Source: Write openCypher Queries in TigerGraph

Step 3: Create a graph

In the graph database world, a graph is a database. So when we say something like, “Create a new graph”, it means to create a new database.

Read CREATE GRAPH for more details about this step.

  1. In GraphStudio, look in the left panel and find the dropdown button labeled “Global View”. Click that and select “Create a graph”.
  2. Give your graph a name. Refer to the naming conventions above. Since you should use different graphs for different environments, you should name your graph based on the environment it is being used in (e.g. “My_App_Dev”, “My_App_Prod”).
  3. Select all the vertex and edges types that you want to include from your schema and click “CREATE”.
  4. You should see the name of your graph in place of “Global View” in the left panel.

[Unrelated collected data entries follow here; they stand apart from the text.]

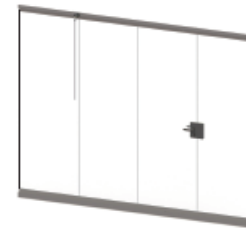
SLIDING DOOR CERRADO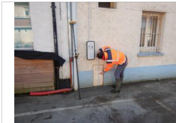
Le repère est sur un coffre électrique.

LE NIVELLEMENT A ÉTÉ EFFECTUÉ PAR LE SYMCEA, QUI N'EST PAS UN EXPERT GÉOMÈTRE. PAR CONSÉQUENT, LA VALEUR INDIQUÉE EST À TITRE INDICATIF. - 11/01/2024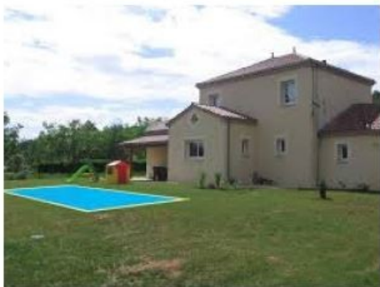
Exemple de photo à joindre

Ce document permet d'apprécier la situation du projet par rapport aux constructions avoisinantes et au paysage.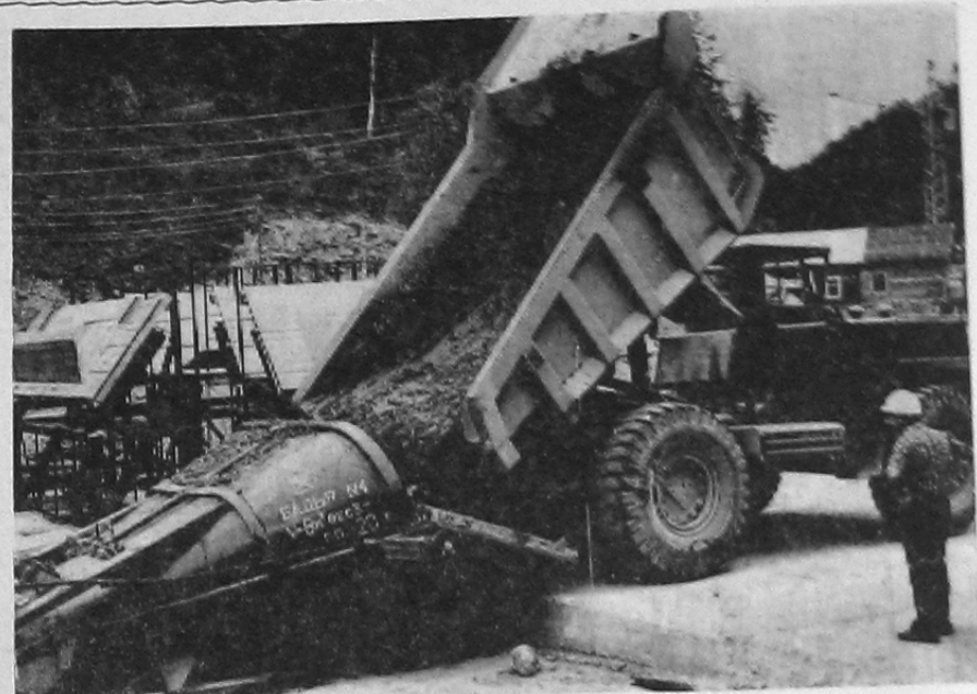
На полигоне строительства ведутся большие работы по испытанию высокопроизводительных механизмов для широкого использования их на укладке бетона и других операциях. Многие из них уже внедрены в практику, другие проходят опробование, усовершенствование. Начата укладка бетона в плотину при помощи крана КБГС-1000. На полигоне испытывались бады емкостью 8 кубометров, бетоновозы на базе БелАЗ-540, здесь проводились необходимые конструктивные изменения. На снимке: на испытательном полигоне во время отработки процесса выгрузки бетона в бады большой емкости.

Основная работа участка направлена на полную механизацию кровельных работ. До этого укладка мягкой кровли была только частично механизирована — подача битумных мастик на высоту Коллектив участка работает над тем, чтобы и разлив мастики, и укладку ее на кровле, и раскатку полностью механизировать. На участках МКД отработаны и внедрены нормокомплекты — новая форма обслуживания подразделений, которой принадлежит будущее. Необходимые для определенного вида работ механизмы закрепляются за организацией без ежемесячной заявки. Обновляются — при необходимости.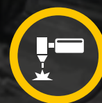
PAC - CORTE POR PLASMA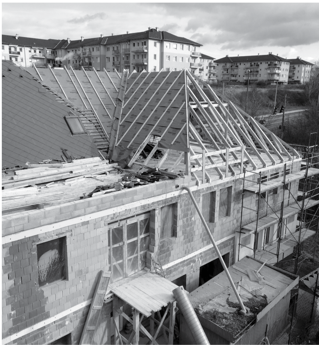
KÖZEL 200 MILLIÓ FORINTBÓL LIFTELT ÉS EGY ÚJ EMELETTEL BŐVÜL A BEFOGADÁS HÁZA

– Az éjjeli menedékhely, illetve az átmeneti szálló a hajléktalan ellátásban nagyon fontos feladatot tölt be. Általában a hajléktalan ember, amikor hozzánk fordul segítségért, vagy az utcai szolgálatunkkal először találkozik kint a közterületen, vagy bármilyen módon felveszi velünk a kapcsolatot, akkor általában ezek az egységek azok, ahol először helyet kap. Amikor egy ember belekerül ebbe az élettani krízishelyzetbe, hogy hajléktalanná válik, nagyon fontos, hogy nyugodt helyet tudjunk neki adni. Sokszor a hajléktalan ember, aki hozzánk fordul, idős, mozgásában korlátozottabb. A jelenlegi állapot szerint csak eme-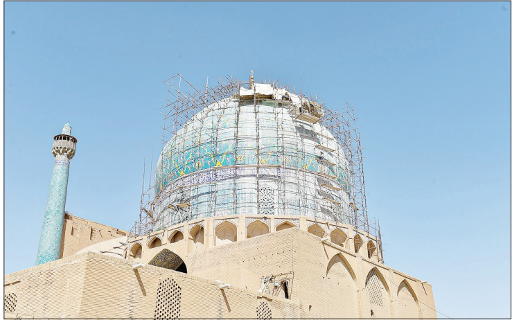
مرمت یا تخریب میراث فرهنگی؟ - اصفهان - باشگاه خبرنگاران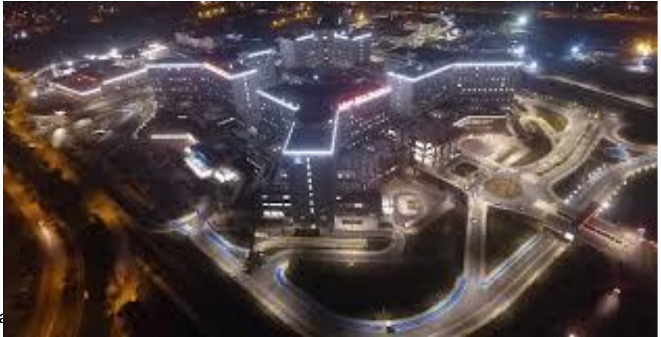
Adana Şehir Hastanesi 16/09/2017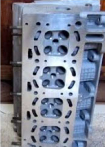
TIPOS DE MOTORES COM 8 E 16 E 32 VÁLVULAS.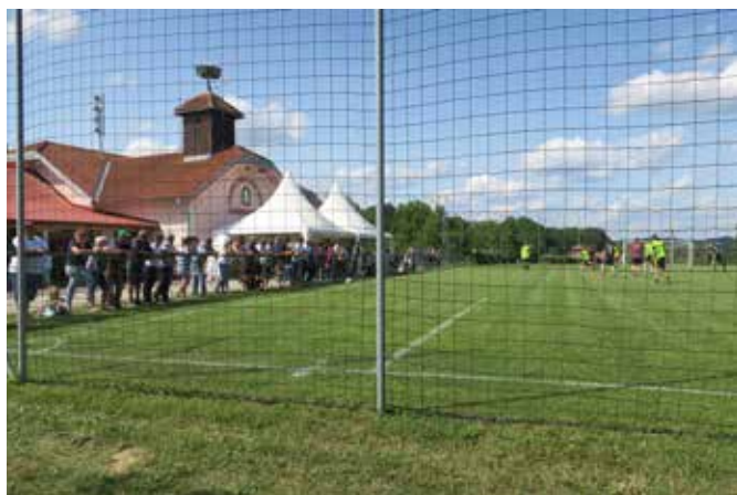
Občinski nogometni turnir v Kruplivniku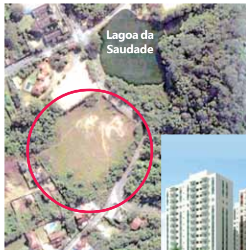
Na imagem de satélite, a área ao lado da Lagoa

Para isso, foi montado o site www.soslagoa.com.br e começou a circular um abaixo-assinado, que já conta com 2.800 adesões. Simultaneamente, foi solicitada a realização de audiência pública pela Câmara Municipal e contatado o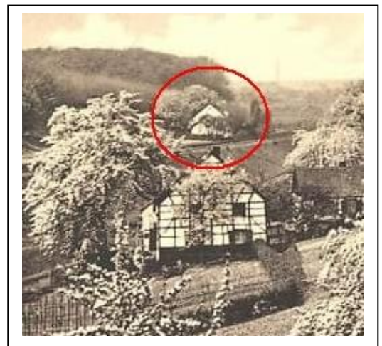
AK 018 Ausschnitt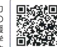
教育支援センター一覧

市町によって設置され、不登校児童生徒の基礎学力の充実、基本的生活習慣の改善等のための相談・支援（学習指導を含む）を、学校と協力して行っています。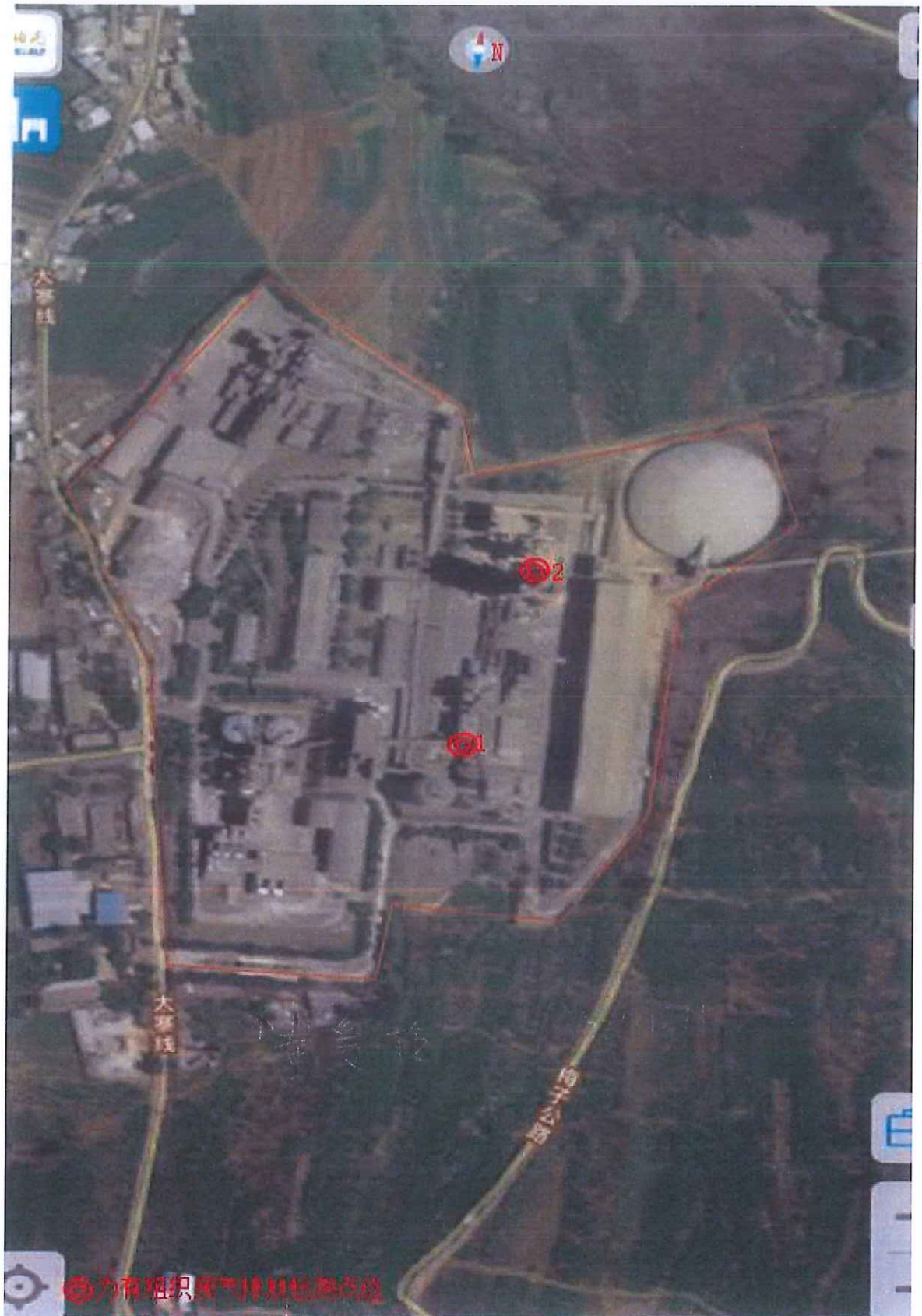
附件 1：检测点位示意图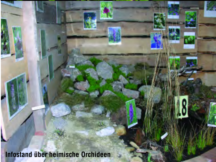
Infostand über heimische Orchideen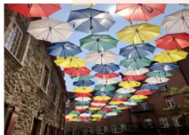
เมืองควิเบก

xx.xx น. ออกเดินทางสู่เมืองควิเบก เที่ยวบิน ... xx.xx น. เดินทางถึงสนามบินเมืองควิเบก ประเทศแคนาดา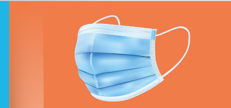
Mundnasenschutz blau oder schwarz Typ II R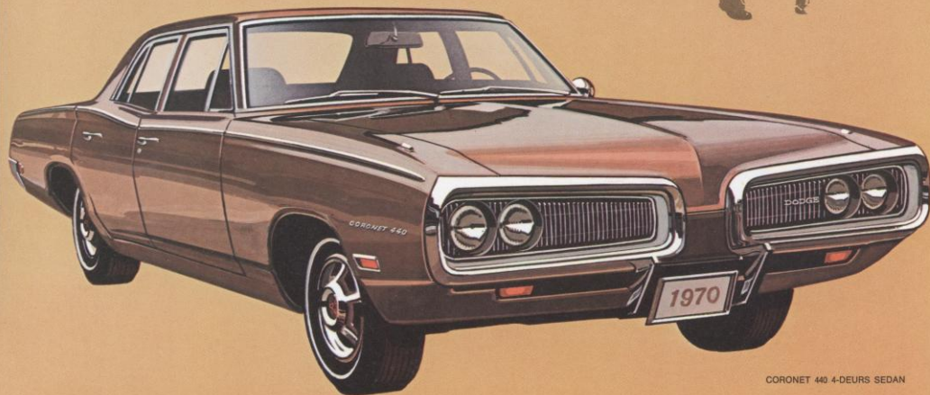
CORONET 440 4-DEURS SEDAN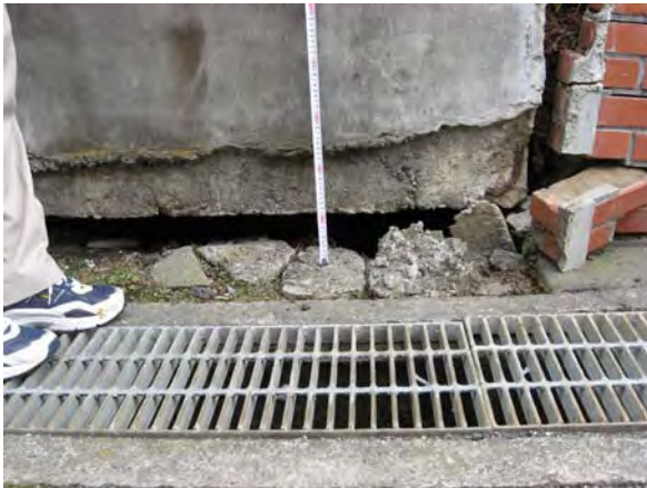
写真7 庁舎北西側(文書館)周辺地面沈下 (沈降幅 0.1m) (幸手市東)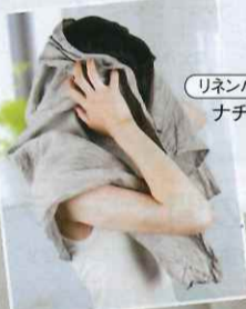
リネンバスタオル ナチュラル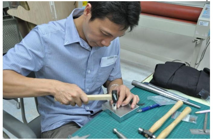
教師們實際操作演練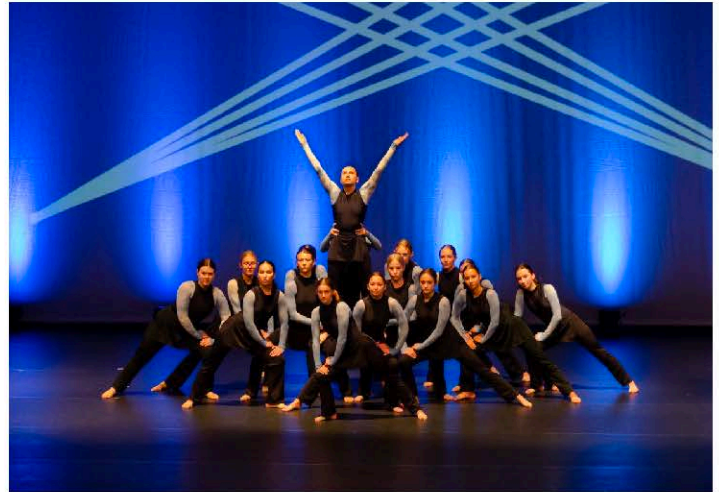
„Das Elly tanzt“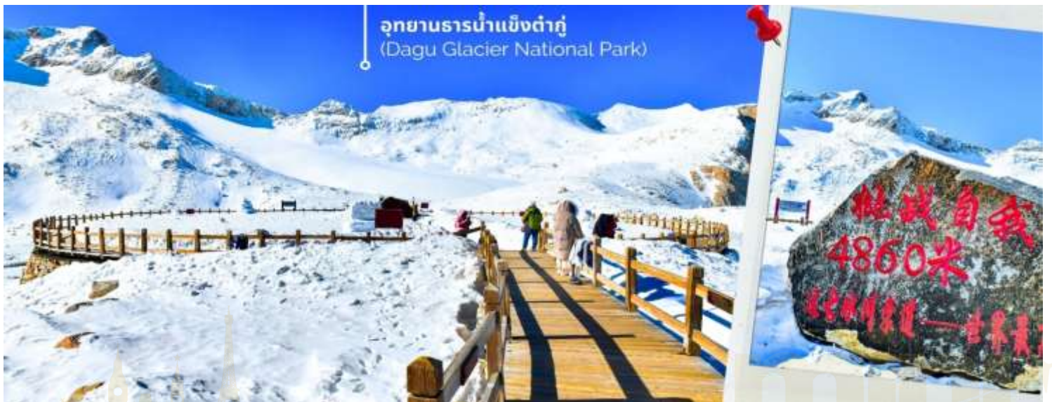
อุทยานธารน้ำแข็งต้ากู่ (Dagu Glacier National Park)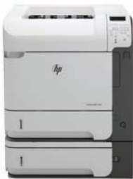
HP LaserJet Enterprise 600 M602x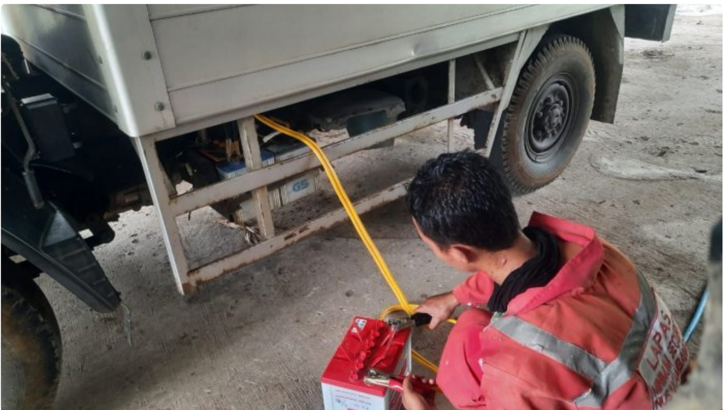
Petugas Staf Umum Lakukan Pengecekan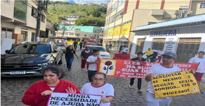
Passeata em comemoração aos jogos Paraesportivos do movimento Pestalozziano.

Rede credenciamento de acordo com a Resolução CEE - ES nº 5.935/2021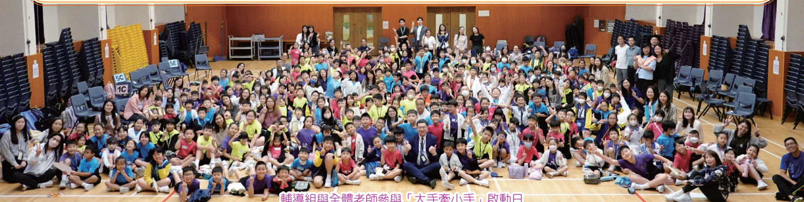
輔導組與全體老師參與「大手牽小手」啟動日

我們將重新檢視和優化現有的課程規劃，以滿足孩子的不同學習需要。我們的目標是讓每位孩子都能在自主學習的環境中發揮潛能，獲得知識與技能。當中包括多元的教學模式，課堂中安排更多動手做、互動討論和孩子主動探究學習，激發孩子的好奇心和創造力，以配合學校推動的 STREAM 教育。另外配合電子平台及自攜平板電腦的運用，讓孩子把預習、課堂中摘錄筆記及課堂中透過電子平台的互動和課後延伸作整合及養成習慣，以助孩子能更有系統地主動學習。此外，我們會持續在課堂中按孩子的興趣和能力制訂學習計劃，以在課堂中有效照顧孩子的學習多樣性，確保他們能夠有效地掌握知識。另繼續加強營造除「兩文三語」以外的不同語境，並通過不少海外和內地交流、考察和體驗，讓孩子身體力行來探索知識。另繼續加強閱讀氛圍的建立，我們將會藉 2025 大阪世界博覽會的舉行，當中我們會配合大會主題及近日「港產」熊貓的社會熱話，營造一系列以保育及科技為題的閱讀及 STREAM 活動來提高孩子的閱讀、語文和 STREAM 範疇的興趣。

Step 4: Create a vertex and edge types

Refer to the naming conventions above.

  • Make sure that you are in the “Global View” so you can create vertex and edge types that can be applied to all of your graphs.
  • To create a vertex, click the Add local vertex type button (the plus circle icon) in the toolbar.
    • If you want to have a vertex or edge type’s primary ID as an attribute, then click the “Advanced Setting” button and check the box in front of “As attribute”. Click “Save”. This will allow you to use the vertex or edge’s primary ID like any other attribute of the vertex or edge type in features such as filter, attachment and order. I recommend that you check the “As attribute” box.
  • To create an edge, click the Add local edge type button (the arrow icon) in the toolbar then choose the starting vertex type and the target vertex type.
  • To edit a vertex or an edge, double click the vertex or edge in the schema designer or select the vertex or edge in the schema designer and click the Edit button (the pencil icon) in the toolbar.
  • To delete a vertex or an edge, select the vertex or edge in the schema designer then click the Delete button (the trash can icon) in toolbar.
  • To choose multiple vertexes and edges, hold the “Shift” key on your keyboard as you select them in the schema designer.
  • To publish changes, click the Publish button (the fat up arrow icon) in toolbar. (TODO: Figure out why I don’t see this button.)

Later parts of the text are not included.